Ugh, another week of Pats fans being insufferable.
that's one of the constants of the universe
Damn, I was afraid that would happen…
@SeifertESPN 3 hours ago
Per FOX broadcast, Adrian Peterson swallowed his chew on a bumpy team flight Saturday. Vomited upon arrival. Hence, injury report downgrade.
FML my marquee RB 1 takes himself out with a mouthful of chewing tobacco
I think it's really impressive that he managed to run for 97 yards a day after throwing up tobacco. Maybe he's used to it!
That Adrian is used to vomiting on a Saturday night from using substances he shouldn't and doing okay on Sunday just bolsters my theory that Adrian Peterson is secretly a 16-year-old girl.

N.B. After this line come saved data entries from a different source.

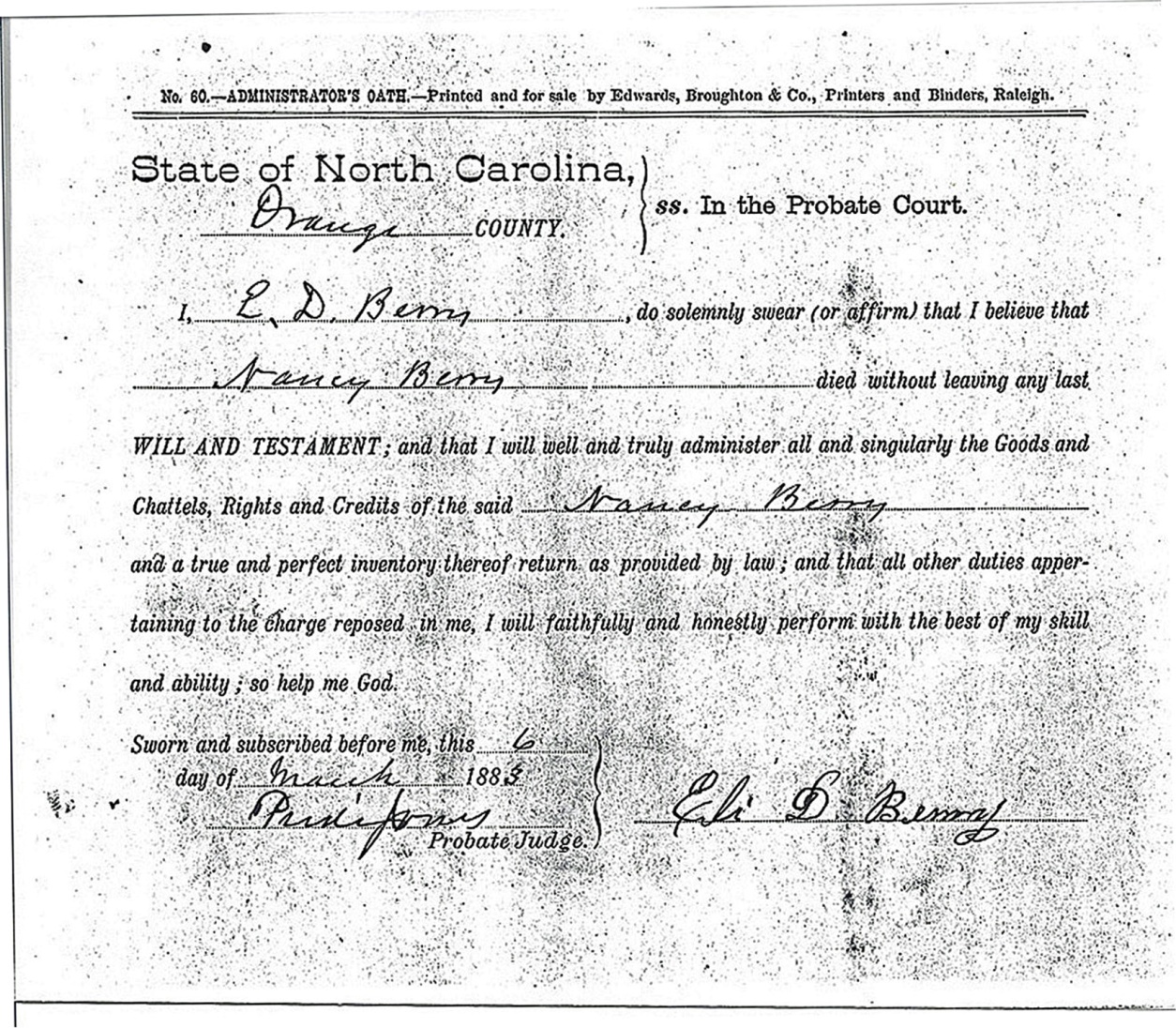 Below is an application that Eli D. Berry submitted to the county in order to serve as administrator of his Cousin Nancy Berry’s estate. Nancy had inherited her estate when her mother, Nancy Ellison Berry, died sometime before 1860. Nancy Ellison Berry may also have died from the worldwide flu epidemic that took the lives of four other members of our Berry family in 1858. Joshua and Nancy Ellison Berry’s spinster daughter, Nancy Berry, died intestate in March, 1883. Nancy’s brother, Eli Berry, was still alive but Eli may have known that his son, Eli D. Berry, was better qualified to manage the duties of an administrator. Eli D. Berry was only 21 years old at the time and likely better educated than his father.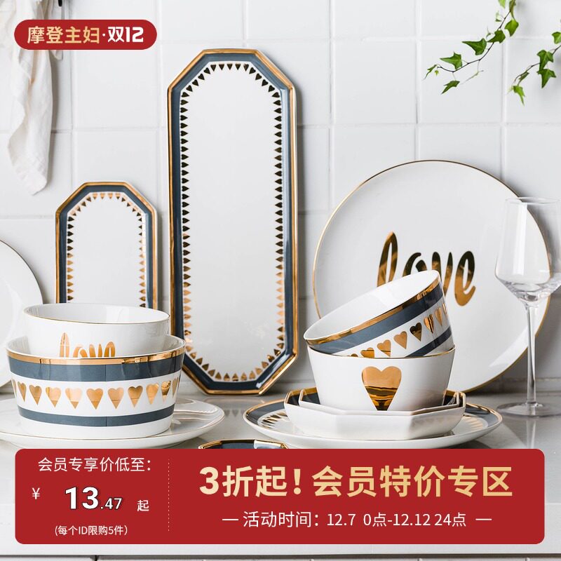摩登主妇 Креативная посуда серия любви керамика домохозяйства большая длинная тарелка милая салатная миска с фруктами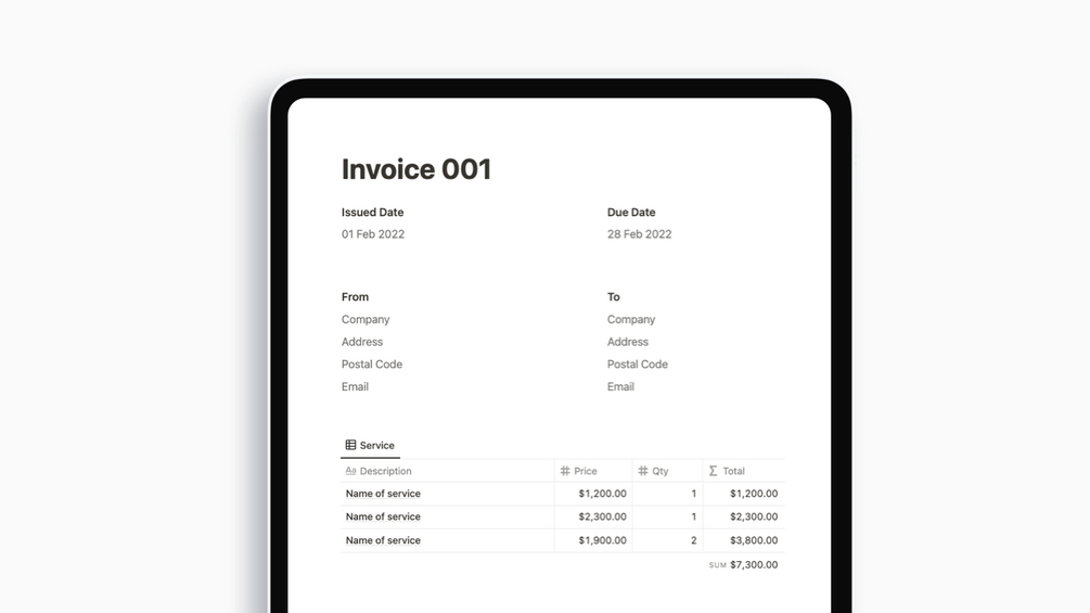 Notion Invoice Template

Chris Kluwe probably didn't get re-signed because Adrian made a fuss about Kluwe not liking Twilight or Justin Bieber.
OMG, he's such a hater!
Will Larry have all the details?
What a dumbass. Clearly he needs a whupping to learn his lesson.
Maybe his birthday camel will stomp on his toe.
AP camel toe?
Ewwwww!
@GoesslingESPN
Adrian Peterson said tobacco had nothing to do with why he got sick. Ate some shrimp yesterday, and thought that contributed to illness.
And if you believe that, I have a bridge to sell you.
That is such a teenage girl excuse. "No, mom, I wasn't doing that. It was, um, shrimp. Bad shrimp."
bad shrimp is such a weak excuse
Like, sure, Mr. Moneybags Pro Athlete, I'm sure you ate some street shrimp the day before the game.
don't eat the fish
Caught the end of Washington Tampa Bay. Seems like it was a mildly-diverting event.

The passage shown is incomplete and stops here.